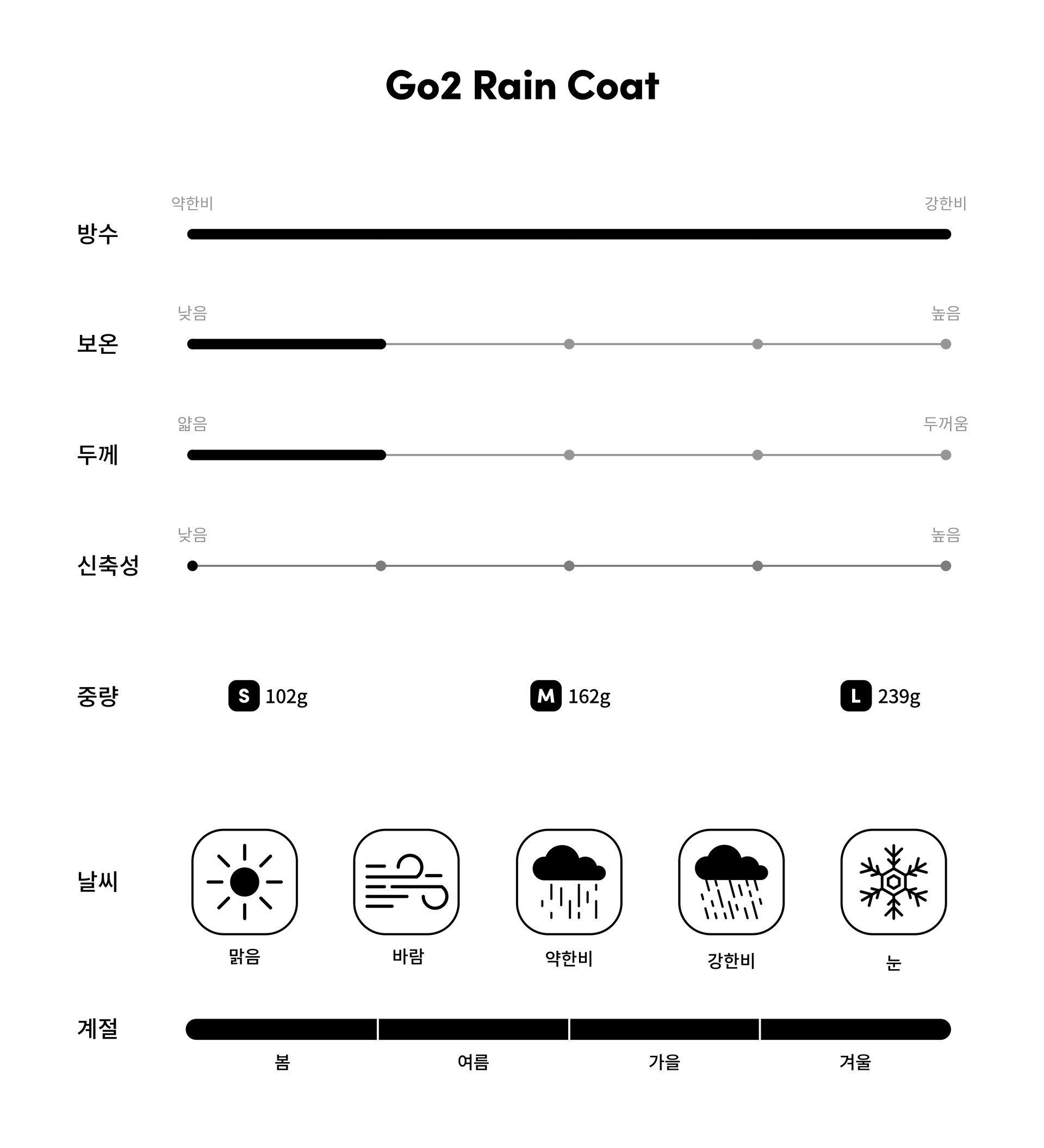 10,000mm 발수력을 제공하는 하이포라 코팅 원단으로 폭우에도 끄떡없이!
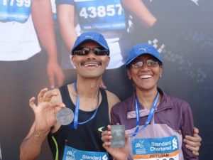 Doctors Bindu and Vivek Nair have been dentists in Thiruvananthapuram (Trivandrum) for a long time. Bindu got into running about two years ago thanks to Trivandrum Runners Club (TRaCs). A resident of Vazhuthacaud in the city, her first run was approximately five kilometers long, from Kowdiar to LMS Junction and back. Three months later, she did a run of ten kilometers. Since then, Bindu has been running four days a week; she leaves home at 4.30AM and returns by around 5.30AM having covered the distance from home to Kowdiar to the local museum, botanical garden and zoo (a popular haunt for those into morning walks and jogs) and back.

* * *

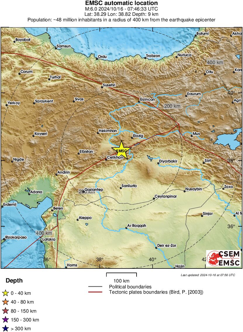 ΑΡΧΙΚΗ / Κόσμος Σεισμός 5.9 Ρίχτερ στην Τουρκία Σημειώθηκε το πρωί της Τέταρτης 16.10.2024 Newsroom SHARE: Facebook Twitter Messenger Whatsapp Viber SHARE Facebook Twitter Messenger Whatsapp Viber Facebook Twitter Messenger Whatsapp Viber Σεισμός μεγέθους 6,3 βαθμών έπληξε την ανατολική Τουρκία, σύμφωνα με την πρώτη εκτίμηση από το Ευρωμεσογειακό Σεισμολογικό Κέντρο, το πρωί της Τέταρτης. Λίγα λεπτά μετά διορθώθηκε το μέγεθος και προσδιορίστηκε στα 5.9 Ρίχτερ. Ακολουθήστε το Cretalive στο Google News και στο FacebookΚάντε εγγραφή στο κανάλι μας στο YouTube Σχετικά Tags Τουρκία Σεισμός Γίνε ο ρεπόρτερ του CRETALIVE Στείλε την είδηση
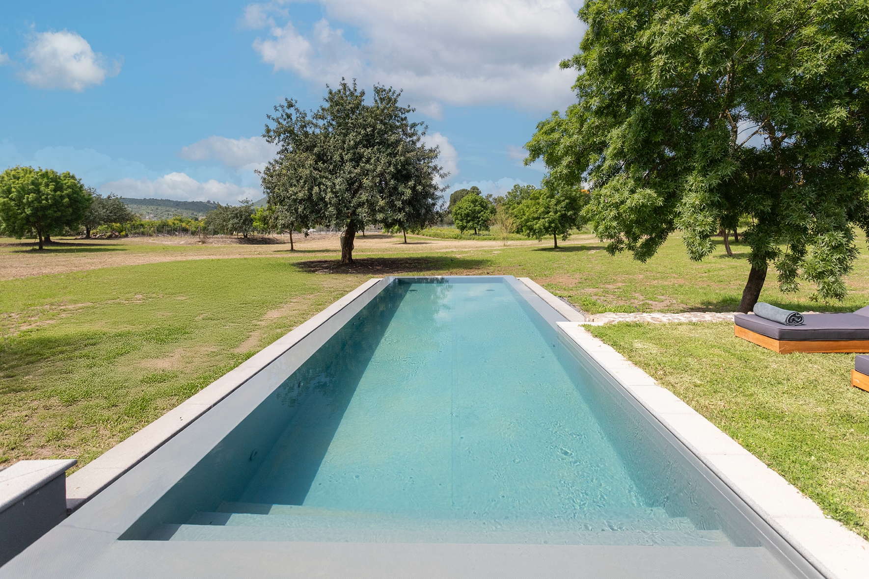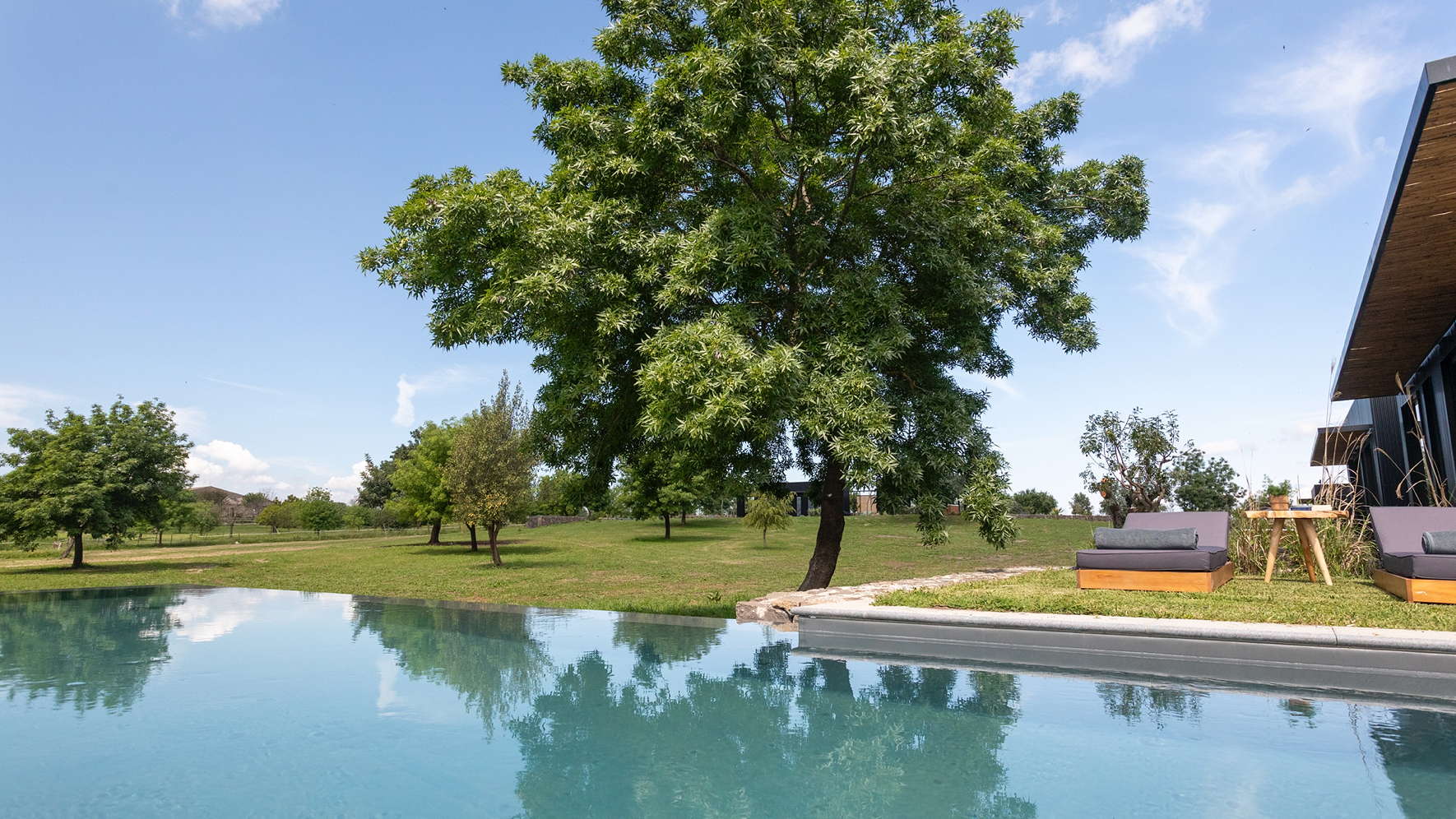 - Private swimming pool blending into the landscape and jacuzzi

---

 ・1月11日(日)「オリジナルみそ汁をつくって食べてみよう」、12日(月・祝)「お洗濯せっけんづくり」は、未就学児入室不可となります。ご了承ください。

=== What you need to do ===
Starting at the line above that contains "10,000mm 발수력을 제공하는 하이포라 코팅 원단으로 폭우에도 끄떡없이!", transcribe every line exactly through the line that contains "Doctors Bindu and", including that last one, and skip the pictures.

=== Result ===
 10,000mm 발수력을 제공하는 하이포라 코팅 원단으로 폭우에도 끄떡없이!
 Doctors Bindu and Vivek Nair have been dentists in Thiruvananthapuram (Trivandrum) for a long time. Bindu got into running about two years ago thanks to Trivandrum Runners Club (TRaCs). A resident of Vazhuthacaud in the city, her first run was approximately five kilometers long, from Kowdiar to LMS Junction and back. Three months later, she did a run of ten kilometers. Since then, Bindu has been running four days a week; she leaves home at 4.30AM and returns by around 5.30AM having covered the distance from home to Kowdiar to the local museum, botanical garden and zoo (a popular haunt for those into morning walks and jogs) and back.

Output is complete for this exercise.